二叔却说最近严打,土里挖出来的古玩不好出手。
这一拖,我家的日子就更难过了,生病的我几乎顿顿都只能吃番薯叶。
又过了一段时间,二叔终于来了,不过这一次他只带来了一面铜镜。
我一摸到铜镜,浑身突然止不住地颤抖。
等我闭上眼后,看到有一个穿着破道袍,浑身脏兮兮的老头背对着我站在黑暗里。
老头慢慢扭过头来,露出一张惨白狰狞的面庞。
他用充血的双眼盯着我,嘴里嘀咕着一句话。
“贫道终于盼来替身了。”
我吓了一跳,想要睁开眼睛,可是这一次我的眼睛怎么也睁不开。
那个老头一步步走到了我的面前,一把掐住了我的脖子,我用出全力才终于睁开了眼睛。
清醒后的我吓得两眼发直,一句话都说不出来。
二叔一脸疑惑,我爸却在旁边骂道:“发什么愣,快说,是不是看到异象了?”
我木讷地点了点头。
二叔和我爸如获至宝,也不管我遭遇了什么,二人拿着铜镜就走了。
从那天起我的噩梦开始了。
那天之后我每次入睡都会梦到那个老头,老头每一次都会走过来掐我的脖子,我只有拼命挣扎才能醒过来。
由于睡不好,吃得也不好,我的身体更差了,连路都快走不动了。
我爸这时候才心不甘情不愿地送我去了村里一名赤脚医生那里看病。
这名赤脚医生叫忠伯,懂中医,还通晓一些阴阳之事。
他看了我的情况后表情严肃,起身去点了根香,让我捏着香然后吸香上飘出来的烟。
我吸了烟后,自己没什么感觉,一旁的我爸却大吃一惊地喊道:“衰仔,你的脸怎么老了几十岁?”

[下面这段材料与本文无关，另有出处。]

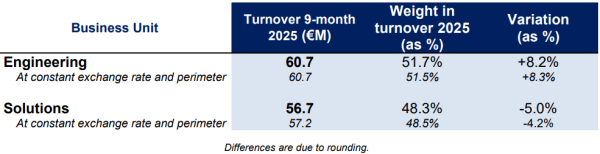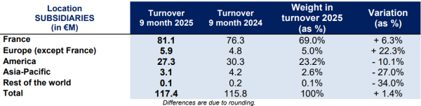As of September 30, 2025, the Group posted turnover of €117.4 million, up slightly by +1.4% and +1.8% at constant exchange rate. In the third quarter, turnover rose slightly to €36.9 million (+0.4% and +2.2% at constant perimeter and exchange rates).
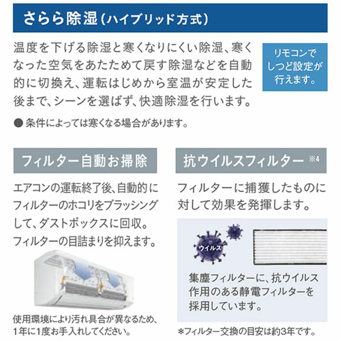 他の画像を見る 「凍結脱臭クリーナー」・「ファンお掃除ロボ」・「カビバスター」搭載プレミアムモデル。主に26畳用。 【標準工事費込み】RAS-XJ80R2-W 日立 ルームエアコン 白くまくん XJシリーズ 主に26畳用 日立 白くまくん 標準工事費込み 代引不可 単相200V フィルター自動洗浄 日本製 2024年モデル ¥ 245,840 税込 在庫切れ 詳細を見る お気に入りに登録する

忠伯叹了口气说:“你家衰仔这个情况可不是生病那么简单,他是被脏东西缠上了,不管的话,魂就没了,身体就是别人的了。”
“那要咋办啊?忠伯,你能搞定不?”
“我搞不定,不过我认识一个朋友可以搞定,但是要请他出手很难,我卖个面子应该能请来,就算请来了价钱也很贵,少说上千块。”
“上千块!我最多出五块。”
他要把我带回家,忠伯看我可怜,就让我先留在他家,过两天请他的朋友来看看,到时候再谈价钱。
我就这样在忠伯家里硬挺了两天,忠伯让我睡在他家里供奉的神龛前,每天早晚都要坚持上香,他说这样可以暂时压制我身体里的脏东西。
即便如此,我的情况还是每况愈下,两天后就算不睡觉也能看到那个可怕的老头,还能听见老头在我面前说话,说我是他找的替身。
两天后,忠伯的那位朋友来了。
那是一位看起来六十多岁的老汉,个子不高,皮肤黝黑,戴着斗笠。
“杀爷,就是这个娃娃被找替身了,你能帮忙不?”
“我看看。”
名叫杀爷的老汉把手搭在我的肩膀上,轻轻一捏,我浑身一激灵,脑袋瞬间清醒了许多,可是才过了几秒钟又变得浑浑噩噩了。
杀爷问忠伯要了一根银针,然后把银针放在嘴边念了几句咒,接着便用银针刺破了我的手腕,没想到从我的手腕里流出来的不是血,而是黑水。
“搞毛啊,这娃娃身体里怎么这么多阴水。”
“他家大人不像话,应该是让他接触了很多阴邪之物。”
“不仅阴水多,他身体里的那个东西是个野仙来的。”
“那你能搞定吗?”
“我肯定能搞定,看在你的面子上,五百蚊吧。”
“他家里最多出五块。”
“那没得搞了,等死吧。”
杀爷撂了话要走。
“这个娃娃跟你女儿八字很配的。”
“老忠,你冇意思啊?”
“你自己看嘛。”
忠伯把我的八字给了杀爷。
“食神制杀,华盖,童子煞,将星……八字确实配,而且还是通灵体。”
“你女儿阳寿快尽了,要是订不了合适的娃娃亲,恐怕活不过十八岁。”
杀爷想了想后问:“人我要是救了,能带走吗?”
“你放心,他爸那里我去谈。”
杀爷这才点了点头,从随身带着的布袋里摸出一张符,对着符念咒后,把符贴在了我的额头上。
随后他的脸凑了上来,一双杀气腾腾的眼睛死死盯着我。
仿佛要通过我的眼睛,跟我体内的那个老头对话。